All of the probabilities shown on this page are prior credences. To simplify notation, we’ll drop the subscript ‘1’ from the probability functions. For instance, instead of writing ‘pr1(H)’ for the prior probability of H, we’ll just write ‘pr(H).’

In other words, you regard some fact E as evidence for H if and only if learning E raises your credence in H. (Advocates of Bayesianism sometimes express this idea with the slogan “evidence is probability raising.”) Equivalently, we can say that you regard E as evidence for H if and only if the Bayesian multiplier, pr(E|H)/pr(E), is greater than 1. Remember, the Bayesian multiplier is the factor by which your credence in hypothesis H increases or decreases when you learn E. So, if the Bayesian multiplier is greater than 1, your credence in H will increase.

Notice that the Bayesian multiplier is greater than 1 if and only if pr(E|H) > pr(E). Moreover, this inequality looks almost like the one in the Bayesian definition of evidence, except that E and H have switched places! This means that if E is evidence for H according to the Bayesian definition, then H can also be regarded as evidence for E. The evidential relationship between E and H goes both ways. (However, it is not symmetrical in the sense of being equally strong in both directions: E may provide stronger evidence for H than H does for E, or vice versa. On the next page, we’ll consider how to measure the strength of evidence.)

Approach 2: The Likelihood Principle (contrastive version)

Another model of evidential relationships is called the likelihood principle or the law of likelihood. It provides a helpful way to understand the role of evidence when we want to judge between two competing hypotheses rather than considering only a single hypothesis. The likelihood principle says that evidence E favors whichever hypothesis makes E more likely:

The Likelihood Principle: Evidence E favors hypothesis H1 over H2 if and only if pr(E|H1) > pr(E|H2), provided the two hypotheses are mutually exclusive.

Some philosophers defend a version of the Likelihood Principle without the proviso that the two hypotheses must be mutually exclusive. However, if H1 and H2 are not mutually exclusive—for example, if one hypothesis logically entails the other—then the Likelihood Principle can yield results inconsistent with Bayesianism.

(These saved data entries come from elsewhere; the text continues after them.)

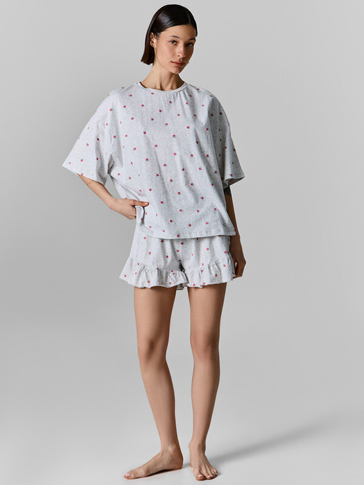Комплект состоит из джемпера (592666) и шорт (592609). Джемпер прямой, свободный (оверсайз). Горловина круглая с обтачкой из основного полотна. Шов втачивания обтачки по спинке закрыт бейкой из основного полотна. Рукава втачные, короткие, широкие. Линия плеча спущена. Нижний срез джемпера и рукавов обработан швом вподгибку. Шорты свободного силуэта, укороченные, с посадкой на талии. Пояс цельнокроеный с эластчиной тесьмой внутри (внутр. 30мм 30RV). По низу шорт рюши, обработанные на микрооверлоке.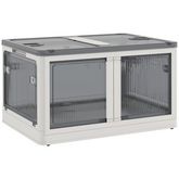 Boîte de rangement plastique 99L pliable empilable couvercle 4 roulettes accès 5 côtés blanc gris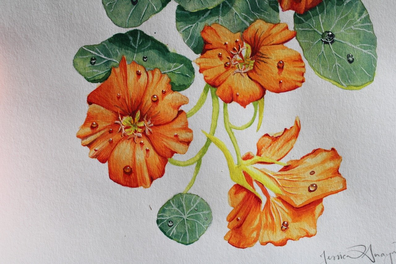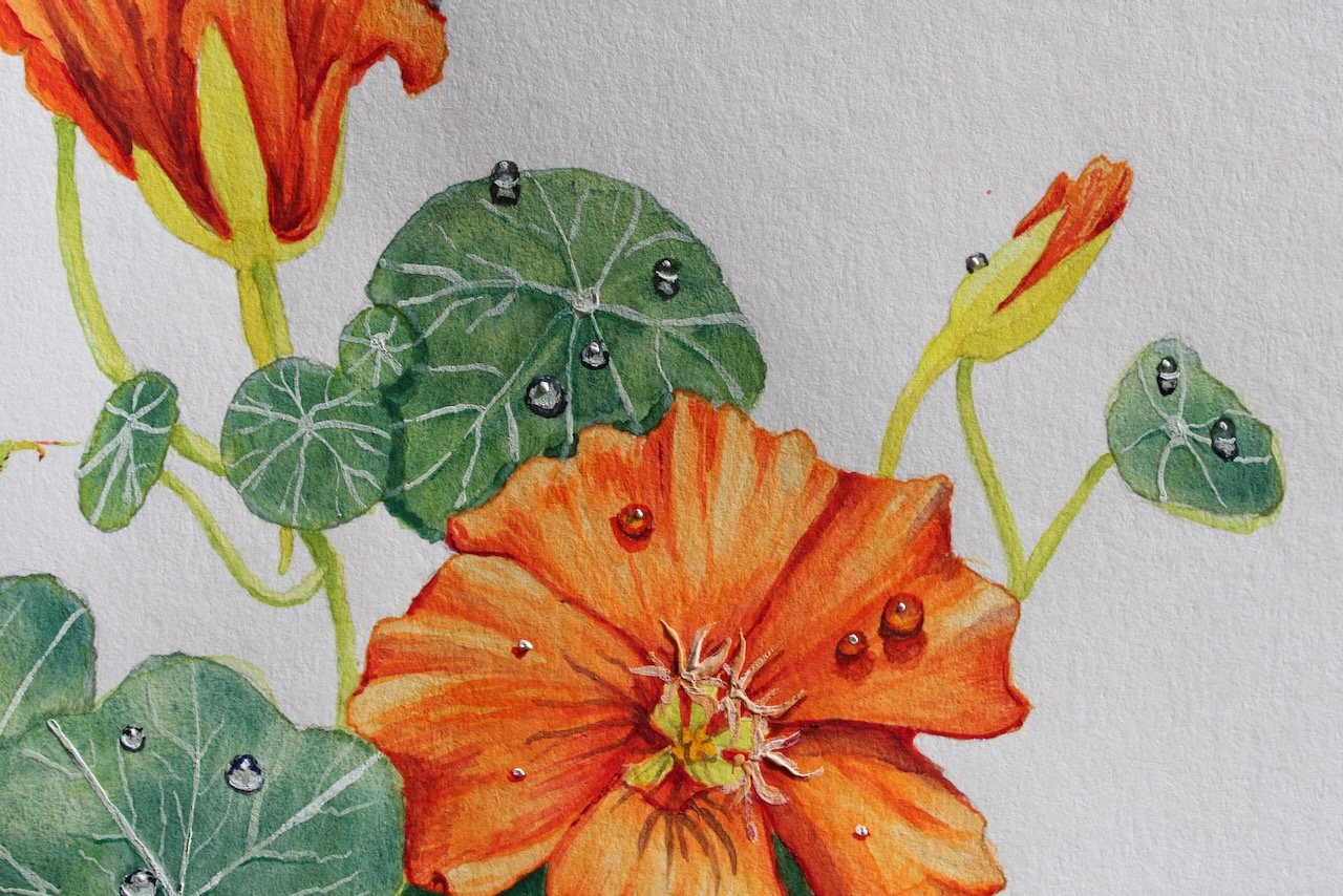 Nasturtiums painted with watercolor and gouache printed on archival paper in the highest quality.

In other words, if E is more likely (more expected, or less surprising) if H1 is true than if H2 is true, then E is evidence in favor of H1 in contrast to H2. Notice that this is a contrastive notion of evidence: the likelihood principle does not indicate whether E is evidence for H1 tout court, but only whether evidence E “favors” hypothesis H1 over an alternative hypothesis H2. To say that E favors H1 over H2 means that the ratio of your credences in these two propositions should shift in favor of H1. That is, the ratio pr(H1)/pr(H2) should increase upon learning E. This could happen even while both credences decrease! In other words, even if E is evidence against both H1 and H2, it could still favor H1 over H2.

The contrastive likelihood principle is a reformulation of the Bayesian model, not an alternative to Bayesianism,However, as mentioned in the “Fine Print” section above, the Likelihood Principle becomes inconsistent with Bayesianism when hypotheses H1 and H2 aren’t mutually exclusive. Some philosophers have defended this incompatible version of the likelihood principle as an alternative to Bayesianism. See, for example, Elliott Sober, “Bayesianism—its Scope and Limits,” in Richard Swinburne (ed.), Bayes’s Theorem (Oxford: Oxford University Press, 2002), 21-38. but it provides a more illuminating view of the role evidence plays in many situations. We can illustrate the contrastive likelihood principle using Bayes bars:

Let’s consider a scenario similar to the police detective example discussed in the previous chapter. This time, you are investigating the mysterious disappearance of your own car keys. They’re not on the table where you thought you left them. You can think of only three plausible explanations:

M: You’ve misplaced the keys (or misremembered where you left them).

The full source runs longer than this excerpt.